Moebius Trip: Digressions from India’s Highways (Spinifex Press, 2007) is a travelogue focusing on Thadani’s experiences as a solo female traveler in India, and on her discovery of female-centric iconography in Hindu temples. In the latter thread, Thadani considers religious semiotics, linguistics, architecture, and mythology. She visits long-forgotten yogini temples and sites devoted to Matrika worship, deploring the kitsch that has invaded most of the better-known places of worship. She bludgeons apathetic museum curators into showing her long-neglected statues depicting lesbian relationships in Indian myth. She ponders the histories that have been erased and the stories that have been appropriated over time to create contemporary (male-centric) religious practice in India.
This book was first published in 2003, and much of its value lies in its commentary on the situation faced by women traveling alone in India. As a woman driver in India, Thadani must deal with “hordes of men, all trying to overtake so as to ascertain my gender.” She meets men who help her change a wheel when her hands are too numb with cold, who go out of their way to help her locate hidden sites, and she also meets many idiots drunk on their masculinity. In one chilling episode, a truck deliberately makes her crash, and the truck driver boasts that the road belongs to men and he hence “had to” teach women drivers “their due lesson”. Public spaces in India have largely been taken over by men, as have most religious spaces (which have deliberately diminished and domesticated goddesses); we could debate endlessly about the causality here.
While I have nothing but unqualified admiration for the author, I must confess to mixed feelings towards this book. Thadani is obviously deeply knowledgeable about the feminine in ancient Indian myth and culture, but her analysis in this book is mostly unanchored by documentation. She subverts many dominant narratives (which is great! I love it!) but often doesn’t cite a source. For instance, while summarizing the Ramayana, she writes that “Rama never had children of his own”, that “Sita remained virginal [...] in his company” and that when Sita was later exiled, she “parthenogenically produce[d] two male twins. ” Now, the popular version (of what is arguably India’s most famous epic) has Sita’s twins fathered the usual way by Rama. I’m eager to consider a new story, but without the source it’s speculation, innit? Another example: while writing about British India, Thadani says that any large-scale migration was punishable under colonial law–“people could have their hands and feet cut off.” I’d love to know where she got that information (and if such a law was ever implemented, and what the consequences were). But again, there’s no further detail about that statement. One could argue that Moebius Trip doesn’t ever claim to be anything but a travelogue, but that doesn’t preclude attribution. The book would have carried so much more weight if only Thadani had bothered to document her sources.

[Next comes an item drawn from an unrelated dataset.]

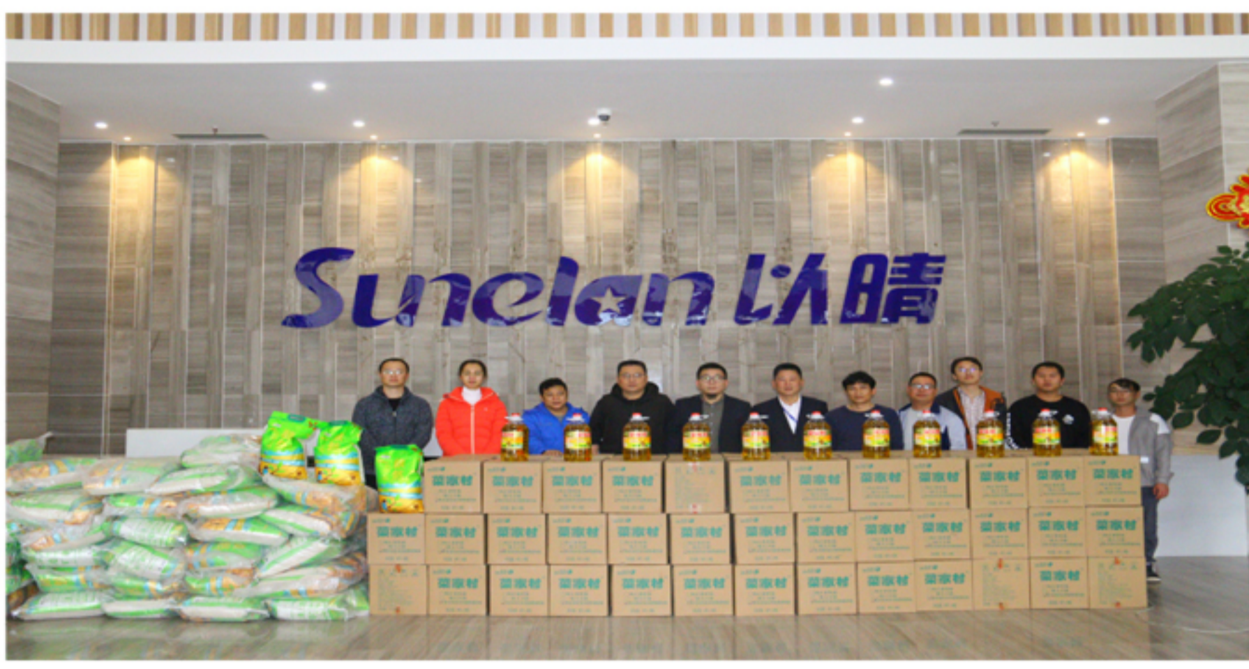
▲ 云南园区员工春节福利发放活动现场

My frustration/fascination with Thadani’s work was perhaps keenest when considering her prose. Much of the writing is beautiful, poetic in approach and intensity, seeking to articulate profound mysteries, making for opaque yet hypnotic reading. There are lovely insights–I was very impressed, for instance, with her description of a hotelier in Kerala who was attempting to “finesse his culture” through his presentation of local cuisine. Some of the writing is quite academic in tone, and I found it heavy going. And some of it is just plain clunky–for instance, she writes about “marriage processions composed of people who seem to believe they have to compensate for the empty jar of arranged marriage mediocrity by blaring their bandbaaja.” What?! Writing about her hotel room, she says, “Mosquitoes are rampant, and the electric repellent does not work.[...] The food in the adjoining cafe is equally repellent…” Aaargh! How can the same person who notes that “Each cosmology has its own aesthetics of light” also claim “…when I am completely concentrated, I can cover these two hundred-odd kilometers in three hours”?
Despite the above complaints, I do recommend this book–when it’s good, it’s very good. And for another viewpoint, do check out Marilyn’s thoughtful review here.
Thanks to Spinifex Press for sending me this book all the way from Australia! This review goes towards the Global Women of Color Challenge.